_Records for this exercise_:
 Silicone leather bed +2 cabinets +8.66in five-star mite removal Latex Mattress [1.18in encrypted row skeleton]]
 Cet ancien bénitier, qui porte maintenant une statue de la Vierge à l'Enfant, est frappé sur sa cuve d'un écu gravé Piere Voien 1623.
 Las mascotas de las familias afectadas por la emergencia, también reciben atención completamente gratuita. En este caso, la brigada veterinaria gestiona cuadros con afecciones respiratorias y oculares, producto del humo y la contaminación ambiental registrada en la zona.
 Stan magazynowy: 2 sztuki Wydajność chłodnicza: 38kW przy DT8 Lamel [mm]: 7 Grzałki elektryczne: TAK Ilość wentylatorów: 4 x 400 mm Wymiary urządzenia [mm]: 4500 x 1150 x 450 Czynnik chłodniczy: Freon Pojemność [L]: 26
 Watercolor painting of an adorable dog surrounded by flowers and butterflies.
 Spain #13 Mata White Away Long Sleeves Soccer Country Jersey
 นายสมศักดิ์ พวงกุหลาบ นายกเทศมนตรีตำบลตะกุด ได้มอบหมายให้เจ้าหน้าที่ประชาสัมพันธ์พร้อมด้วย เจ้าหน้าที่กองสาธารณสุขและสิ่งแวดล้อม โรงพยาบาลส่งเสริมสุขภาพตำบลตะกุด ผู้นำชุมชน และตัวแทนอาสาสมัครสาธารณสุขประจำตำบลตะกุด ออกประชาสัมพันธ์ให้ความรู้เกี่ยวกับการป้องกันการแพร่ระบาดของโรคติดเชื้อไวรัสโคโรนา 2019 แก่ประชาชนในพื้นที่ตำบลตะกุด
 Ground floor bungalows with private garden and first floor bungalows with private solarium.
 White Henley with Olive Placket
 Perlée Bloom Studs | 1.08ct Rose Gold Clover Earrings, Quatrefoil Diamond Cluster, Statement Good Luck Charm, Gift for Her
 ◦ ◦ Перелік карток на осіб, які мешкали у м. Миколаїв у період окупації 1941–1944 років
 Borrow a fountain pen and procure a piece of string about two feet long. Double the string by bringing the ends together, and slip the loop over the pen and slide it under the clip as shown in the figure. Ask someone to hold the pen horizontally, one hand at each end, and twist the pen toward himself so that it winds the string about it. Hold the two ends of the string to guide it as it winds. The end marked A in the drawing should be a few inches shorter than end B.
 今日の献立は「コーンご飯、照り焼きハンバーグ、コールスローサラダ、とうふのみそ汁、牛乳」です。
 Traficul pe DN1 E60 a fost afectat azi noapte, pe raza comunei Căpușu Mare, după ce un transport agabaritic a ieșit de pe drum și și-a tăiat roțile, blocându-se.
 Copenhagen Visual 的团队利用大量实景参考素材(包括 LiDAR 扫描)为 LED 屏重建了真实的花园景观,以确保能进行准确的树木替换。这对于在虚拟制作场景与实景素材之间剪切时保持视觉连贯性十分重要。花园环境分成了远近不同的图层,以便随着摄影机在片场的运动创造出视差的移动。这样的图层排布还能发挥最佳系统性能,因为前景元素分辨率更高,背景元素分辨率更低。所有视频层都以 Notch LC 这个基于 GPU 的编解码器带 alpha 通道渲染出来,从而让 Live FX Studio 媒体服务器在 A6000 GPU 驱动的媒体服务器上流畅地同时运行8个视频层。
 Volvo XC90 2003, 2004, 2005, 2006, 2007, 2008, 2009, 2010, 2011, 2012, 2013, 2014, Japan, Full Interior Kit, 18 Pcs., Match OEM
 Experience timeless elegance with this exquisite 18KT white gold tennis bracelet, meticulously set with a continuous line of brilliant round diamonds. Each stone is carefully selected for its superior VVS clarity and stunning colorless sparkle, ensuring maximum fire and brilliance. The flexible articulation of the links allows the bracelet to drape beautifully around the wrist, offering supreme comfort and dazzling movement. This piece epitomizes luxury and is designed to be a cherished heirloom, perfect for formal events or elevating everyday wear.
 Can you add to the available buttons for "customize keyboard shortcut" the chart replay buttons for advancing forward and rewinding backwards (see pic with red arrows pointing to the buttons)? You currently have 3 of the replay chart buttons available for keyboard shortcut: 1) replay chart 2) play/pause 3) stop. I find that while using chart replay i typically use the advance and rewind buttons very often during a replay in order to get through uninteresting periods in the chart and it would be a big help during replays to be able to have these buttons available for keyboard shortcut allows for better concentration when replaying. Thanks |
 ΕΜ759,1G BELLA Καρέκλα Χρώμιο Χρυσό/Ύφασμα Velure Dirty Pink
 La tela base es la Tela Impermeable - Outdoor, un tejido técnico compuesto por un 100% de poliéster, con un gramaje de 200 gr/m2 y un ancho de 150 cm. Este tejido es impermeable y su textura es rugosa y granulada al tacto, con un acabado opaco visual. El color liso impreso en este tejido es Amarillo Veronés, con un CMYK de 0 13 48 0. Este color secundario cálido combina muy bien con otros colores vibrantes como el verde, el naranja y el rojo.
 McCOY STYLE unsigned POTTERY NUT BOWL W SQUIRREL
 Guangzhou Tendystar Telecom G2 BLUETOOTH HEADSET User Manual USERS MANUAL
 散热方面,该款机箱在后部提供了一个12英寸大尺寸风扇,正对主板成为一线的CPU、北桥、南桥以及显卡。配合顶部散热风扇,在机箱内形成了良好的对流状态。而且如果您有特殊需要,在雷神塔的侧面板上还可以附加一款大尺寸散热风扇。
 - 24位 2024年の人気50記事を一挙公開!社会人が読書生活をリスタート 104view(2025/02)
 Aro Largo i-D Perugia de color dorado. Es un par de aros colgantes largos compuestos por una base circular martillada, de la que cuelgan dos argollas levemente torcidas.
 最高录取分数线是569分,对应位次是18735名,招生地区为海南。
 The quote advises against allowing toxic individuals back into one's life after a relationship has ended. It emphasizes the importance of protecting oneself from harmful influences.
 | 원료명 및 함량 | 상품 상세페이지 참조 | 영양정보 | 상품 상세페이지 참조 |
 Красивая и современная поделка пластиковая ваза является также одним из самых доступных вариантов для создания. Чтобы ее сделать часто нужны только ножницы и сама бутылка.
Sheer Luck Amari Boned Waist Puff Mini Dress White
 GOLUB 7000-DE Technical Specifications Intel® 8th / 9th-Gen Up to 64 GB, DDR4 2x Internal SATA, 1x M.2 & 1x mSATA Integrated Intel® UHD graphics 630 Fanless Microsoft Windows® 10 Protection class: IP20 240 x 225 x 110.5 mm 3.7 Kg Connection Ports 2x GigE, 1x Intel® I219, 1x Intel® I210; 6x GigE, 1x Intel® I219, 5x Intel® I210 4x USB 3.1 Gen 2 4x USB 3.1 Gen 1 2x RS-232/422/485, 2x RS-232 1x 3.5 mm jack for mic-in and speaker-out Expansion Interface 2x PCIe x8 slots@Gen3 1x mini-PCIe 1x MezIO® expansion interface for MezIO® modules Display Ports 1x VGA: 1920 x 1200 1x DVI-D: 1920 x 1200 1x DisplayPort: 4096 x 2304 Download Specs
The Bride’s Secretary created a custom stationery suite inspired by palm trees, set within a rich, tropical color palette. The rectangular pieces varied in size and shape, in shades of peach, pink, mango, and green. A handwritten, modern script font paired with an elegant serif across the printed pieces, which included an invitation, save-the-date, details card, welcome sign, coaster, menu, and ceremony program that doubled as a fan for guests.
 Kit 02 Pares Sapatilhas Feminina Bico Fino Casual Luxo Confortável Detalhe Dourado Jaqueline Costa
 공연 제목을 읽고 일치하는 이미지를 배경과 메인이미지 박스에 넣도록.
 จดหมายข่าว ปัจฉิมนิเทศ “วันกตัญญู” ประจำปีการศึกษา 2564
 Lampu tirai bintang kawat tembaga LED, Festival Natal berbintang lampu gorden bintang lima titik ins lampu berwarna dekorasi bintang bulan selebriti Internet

_Your instructions_:
Every line of the data that includes the word "Luck" should be copied.

_Output for this exercise_:
 Perlée Bloom Studs | 1.08ct Rose Gold Clover Earrings, Quatrefoil Diamond Cluster, Statement Good Luck Charm, Gift for Her
Sheer Luck Amari Boned Waist Puff Mini Dress White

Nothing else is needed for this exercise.